Since I was a child I have desired to die for the love of God and for my fellow man. Whether or not I shall receive that favor I know not, but if I live, it is for the same purpose; every action of my life here is offered to God for the spread and success of the Catholic Church in Virginia. I have always desired to be only a little child, that I may enter the Kingdom of God. In the general resurrection I wish to always be a boy and to be permitted to accompany Saints John Berchmans, Aloysius and Stanislaus as their servant and friend. Do we serve God and man less worthily by our prayers in heaven than by our actions on earth? Surely it is not selfish to desire to be with Him Who has loved us so well.

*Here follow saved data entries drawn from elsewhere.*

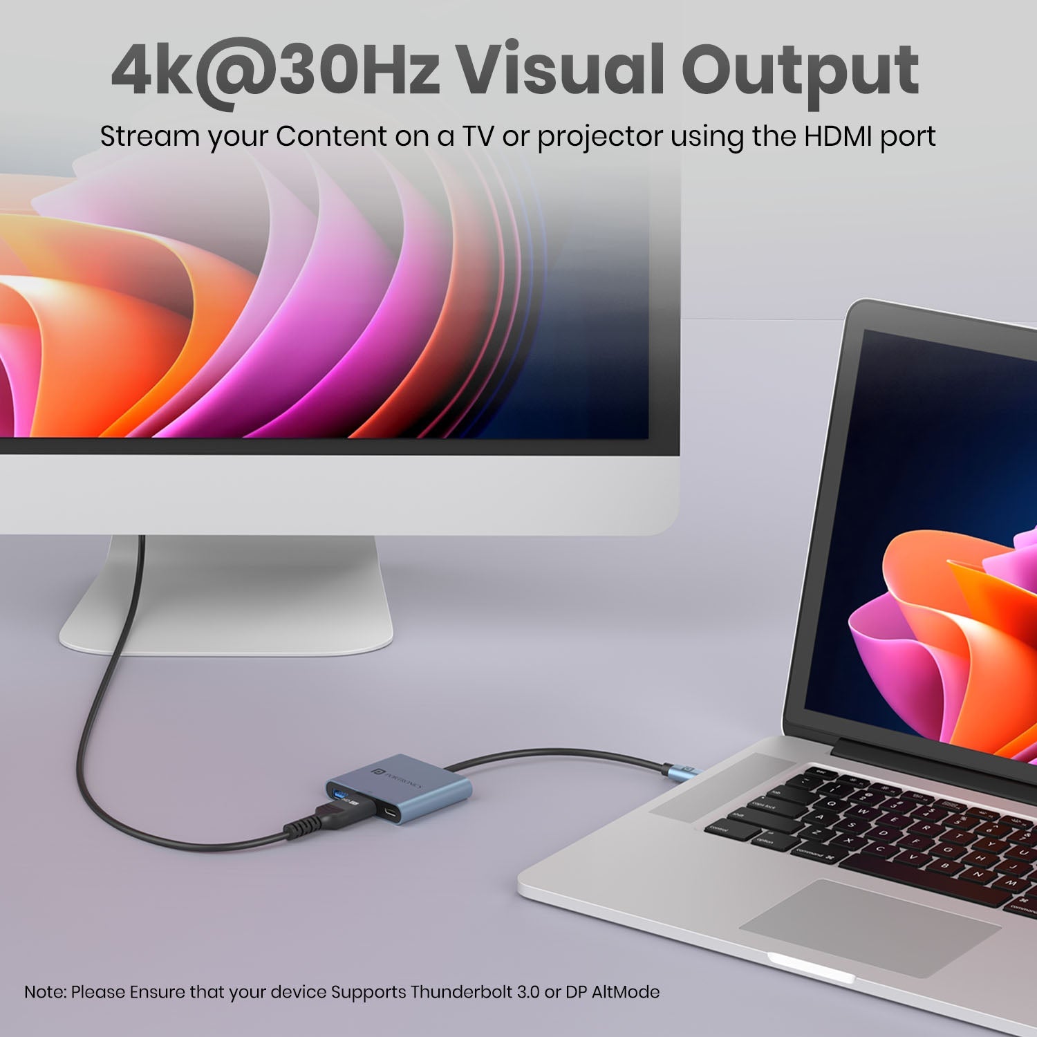 - 3-in-1 USB-C Hub: The Portronics C-Konnect Plus, a Type-C hub with 1 HDMI (4K @ 30Hz) port, 1 USB-A (3.0) port, and 1 PD Type-C (100W) port. These 3 ports can be used simultaneously for the ultimate multi-tasking.
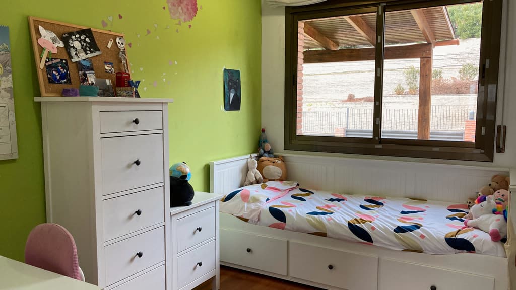 La casa es divideix en dues plantes. Accedim a la casa per un bonic porxo on podem menjar i fer barbacoes amb amics i ens condueix al gran rebedor de la casa. Allí ens distribueix a les 4 habitacions àmplies, totes elles amb armaris de paret i una amb suite.
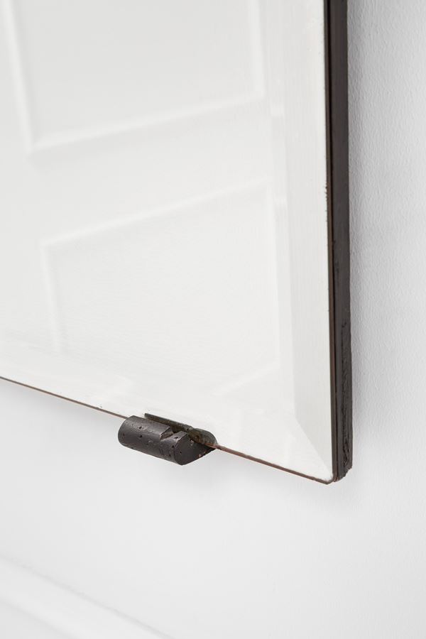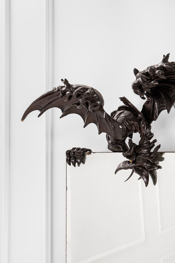 Legno scolpito a guisa di dragone, vetro specchiato, ottone.
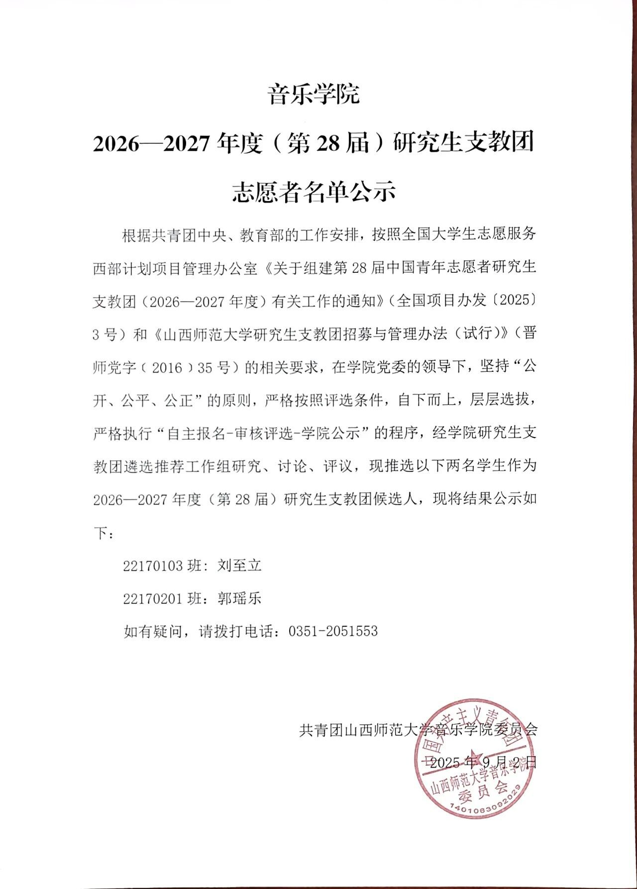 pg娱乐电子游戏官网入口2026-2027年度(第28届)研究生支教团志愿者名单公示
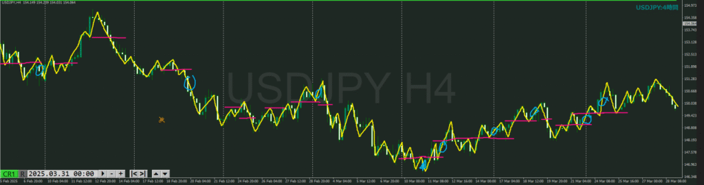 ・黄色ライン抜けで上目線トレンド転換シグナルになる
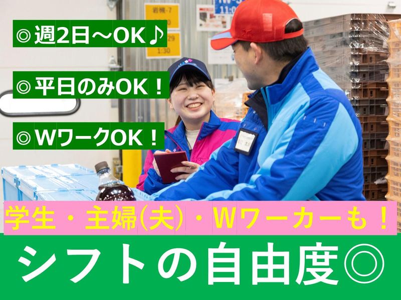 職種/仕事内容 | 仕事内容 / ルーチンワークで覚えやすい仕事! \ ペットボトル飲料のケース商品を指示通りに仕分けるだけの簡単な軽作業をお任せします! 基本的には同じモノなのでとっても簡単。 20~30代の男性活躍中です☆ ///////////////// ■日勤のみ!選べるシフト! 週2日~勤務OK!10時開始で朝もゆっくり! 「朝早いのが苦手…」 「授業やサークルと両立させたい…」 「副業・Wワークと掛け持ちしたい…」 といった方でも安心です◎ 【例えばこんな働き方が…】 *Wワークをしながら *朝ゆっくり起きてから *学校とバイトをうまく両立 *家族や友人と予定を合わせやすい *生活リズムを保ちつつ健康的に働ける シフトは自己申告制で日数・曜日は自由◎ 高校生・大学生、またはシングルマザーの方も活躍中です。 久しぶりの職場復帰をしたい方など皆さんが働きやすい環境を整えています。 ///////////////// 【アピールポイント】 *短時間勤務OK!選べるシフト! *食品物流を支える安定企業! *男性・Wワーカーなど多数活躍中! *日勤のみで月収12万円以上可! *コツコツ作業が好きな方に! ///////////////// 【仕事内容】 大手コンビニエンスストア商品の仕分け・ピッキング作業をお任せします。お仕事内容は軽作業なので安心です! 基本的にはデータを見ながら仕分け作業をして頂くだけでOK! 【大手ならではの厚待遇あり】 パート・アルバイトの方も同じように「賞与年2回」支給し、誕生日にはギフト券をプレゼントするなど、雇用形態関係なく当社ならではの厚待遇をご用意しています! 【食品物流を支える安定企業】 毎日500万人の食生活を支えるために、全国に45拠点※を展開しています。生活に欠かせない「食」にかかわっているからこそ、景気の影響を受けにくく業績は好調を維持。安定した経営基盤を築いています! ※2024年3月末現在 【雇用形態】 パート・アルバイト |
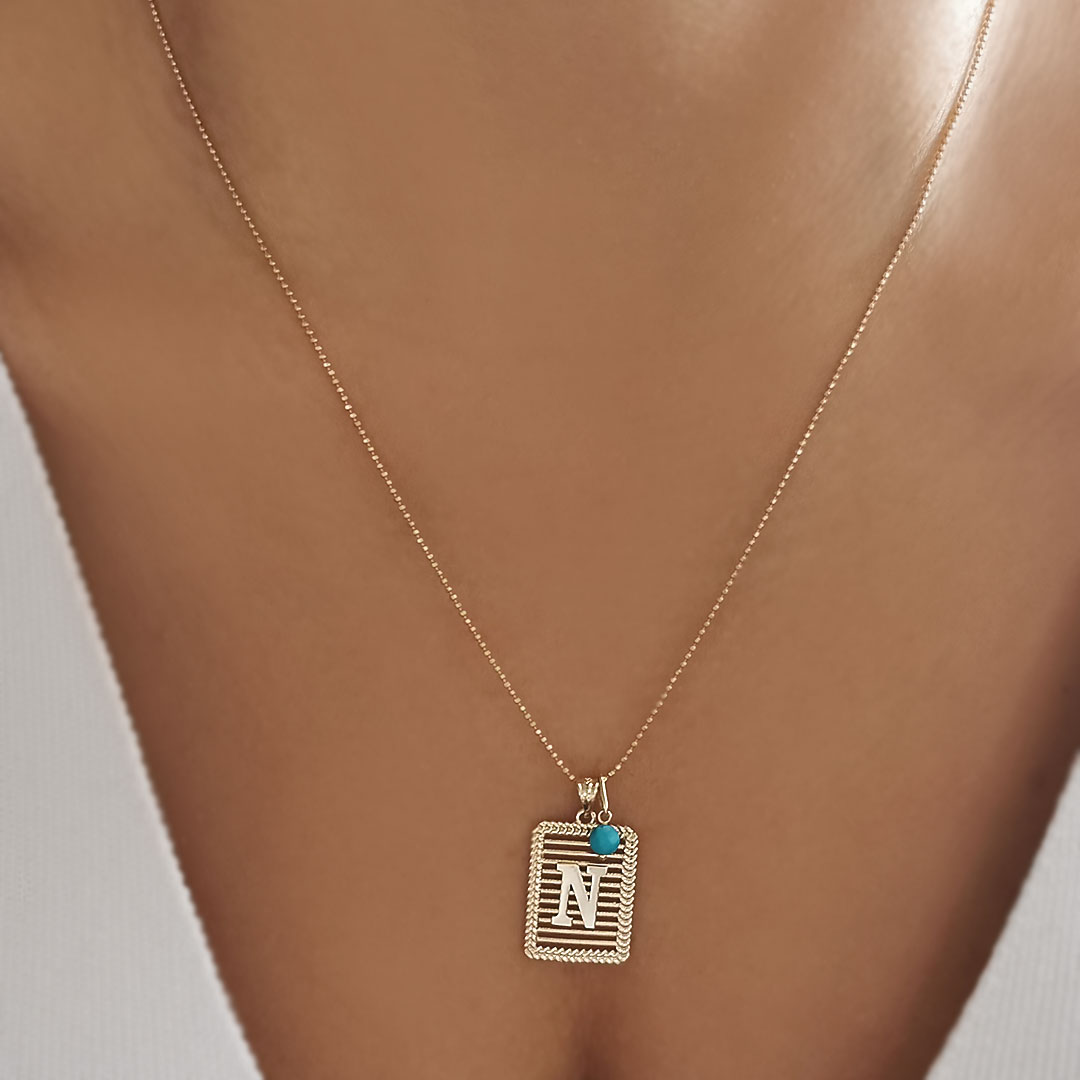 Sevdiklerinizin yada kendi isminizin baş harfini boynunuzda severek taşıyacağınız tasarım harf kolyemiz mini mavi boncuk detayı ile oldukça havalı bir duruşa sahip.
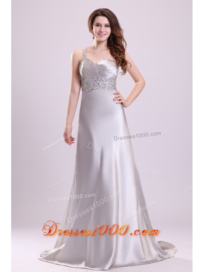 Sexy Column One Shoulder Brush Train Grey Beaded Prom Gown

I shall not leave my dear ones. I will always be near them and be able to help them more than I can here below. I shall be of more service to my diocese in heaven than I could ever be on earth.

If it is God's holy will, I will join him on Good Friday, 1920, and never leave him more - but not my will, Father, but thine be done!

Rome, December 5th, 1919.
[Signed] Frank Parater

After the Collegians had heard this remarkable statement, there was no more gloom among them, and there could be none. Instead, as one of the students confessed, "We actually rejoiced because we felt a saint had been in our midst but we didn't know it…" Nor did the others to whom the "will" was shown think any differently. Not long afterward, one of them, the Jesuit Father O. Marchetti, printed a complete Italian translation of it in the Osservatore Romano. Commenting on this "beautiful and edifying" writing, he wrote of Parater: "He died among the Saints who are the honor of the Eternal City; and he is buried among the Saints, who with their bones have blessed this privileged ground."

When news of the "will" reached the United States, here too, and especially in Virginia, it stirred the hearts of many. Eventually Frank's earlier alma mater, the Benedictine High School in Richmond, enshrined an expression of the admiration in which all had held him. The tablet unveiled to his memory at the Academy says that Frank Parater "died in Rome while pursuing his studies for the Holy Priesthood, leaving behind him a tradition of Courage, Purity and Integrity of life."